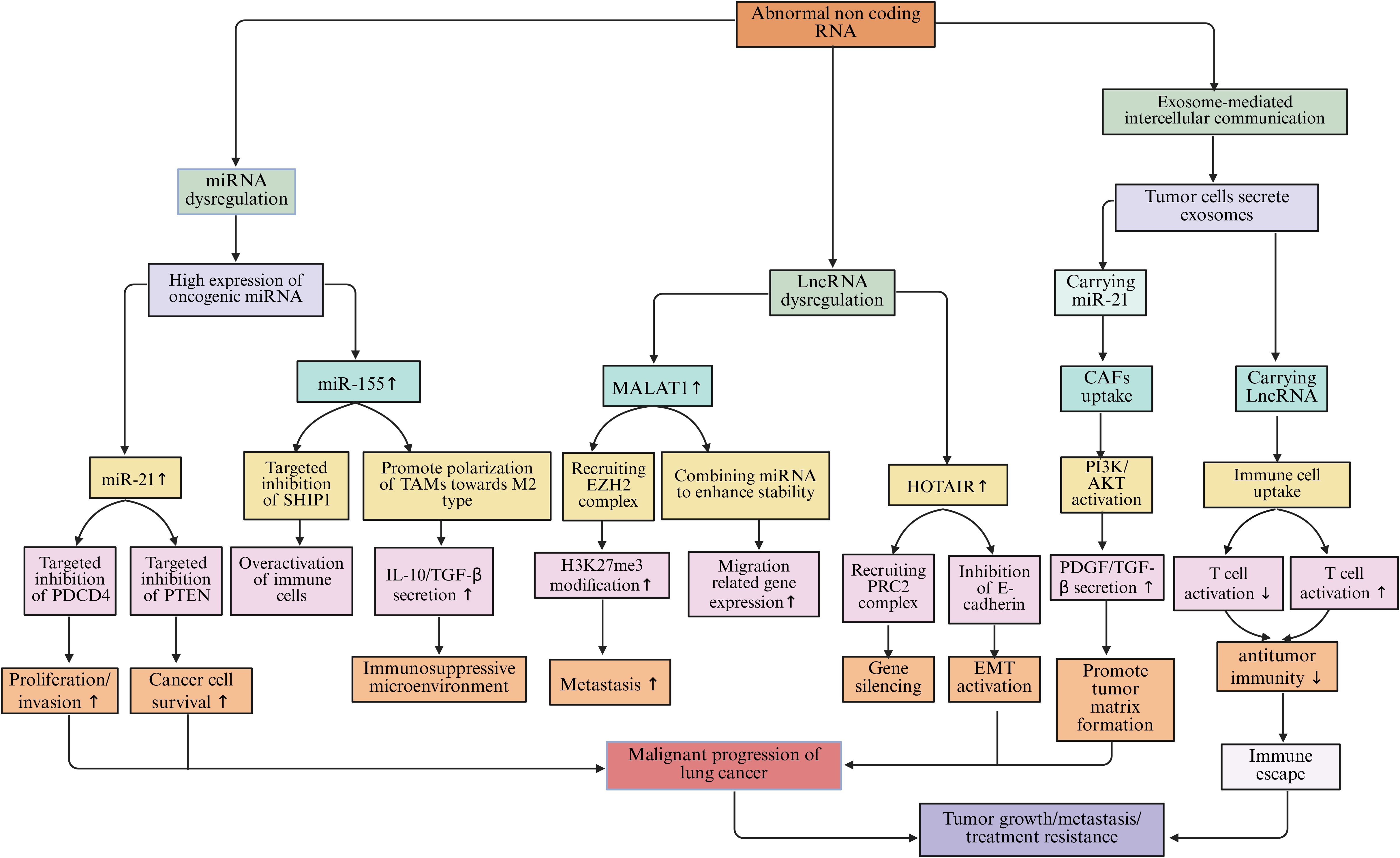 Non-coding RNA refers to a category of RNA molecules that do not translate into proteins, yet they serve an essential regulatory function within the microenvironment of lung cancer. This category predominantly encompasses miRNA and lncRNA. These molecular entities modulate gene expression at both transcriptional and post-transcriptional stages through their interactions with specific target genes. Consequently, they impact the biological activities of lung cancer cells as well as the cellular communication and interactions occurring within the lung cancer microenvironment.
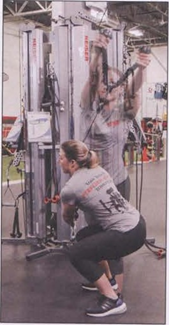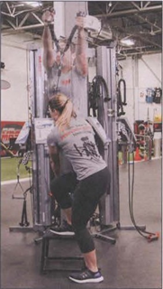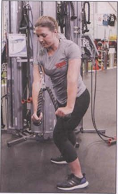 站姿上拉(图5)曾经被EXOS总裁马克·沃斯特根描述为对角推举。该动作是个爆发性交叉蹲起,结束时双臂在拉力器械的对侧伸展出去。我们不指导旋转,仅仅指导从下蹲到站立的动作。因为双脚平行的站姿加上负荷的位置,自然就会做出旋转的动作。
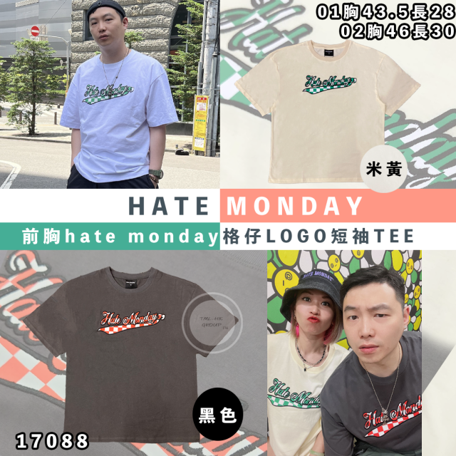17088.HATE MONDAY前胸hate monday格仔LOGO短袖TEE(S2304T06)
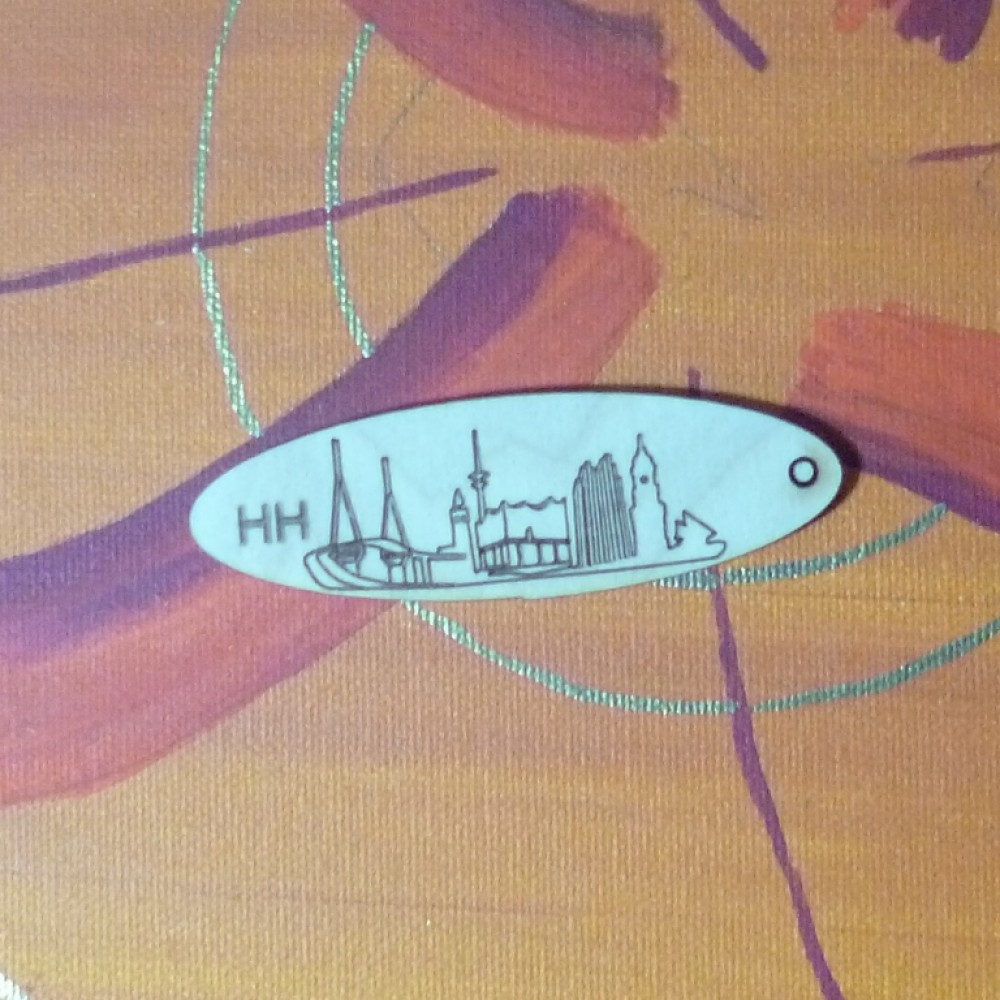 Schlüsselanhänger mit eingelaserter Skyline von Hamburg.
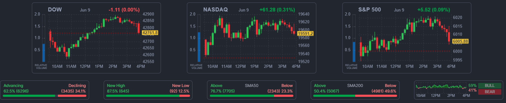 ))))))다만, 장 마감 앞두고 트럼프 발언에 테슬라(+4.55%)가 크게 상승했지만, 미-중 협상이 둘째날로 미뤄졌다는 소식에 매물 소화하며 상승분 일부 반납(다우 -0.00%, 나스닥 +0.31%, S&P500 +0.09%, 러셀2000 +0.57%, 필라델피아 반도체 지수 +1.96%)

----------------------------------------

Exercise objective: Exact wording is required throughout: write out all the records, but no pictures.

Response:
 Non-coding RNA refers to a category of RNA molecules that do not translate into proteins, yet they serve an essential regulatory function within the microenvironment of lung cancer. This category predominantly encompasses miRNA and lncRNA. These molecular entities modulate gene expression at both transcriptional and post-transcriptional stages through their interactions with specific target genes. Consequently, they impact the biological activities of lung cancer cells as well as the cellular communication and interactions occurring within the lung cancer microenvironment.
 站姿上拉(图5)曾经被EXOS总裁马克·沃斯特根描述为对角推举。该动作是个爆发性交叉蹲起,结束时双臂在拉力器械的对侧伸展出去。我们不指导旋转,仅仅指导从下蹲到站立的动作。因为双脚平行的站姿加上负荷的位置,自然就会做出旋转的动作。
17088.HATE MONDAY前胸hate monday格仔LOGO短袖TEE(S2304T06)
 Schlüsselanhänger mit eingelaserter Skyline von Hamburg.
 ))))))다만, 장 마감 앞두고 트럼프 발언에 테슬라(+4.55%)가 크게 상승했지만, 미-중 협상이 둘째날로 미뤄졌다는 소식에 매물 소화하며 상승분 일부 반납(다우 -0.00%, 나스닥 +0.31%, S&P500 +0.09%, 러셀2000 +0.57%, 필라델피아 반도체 지수 +1.96%)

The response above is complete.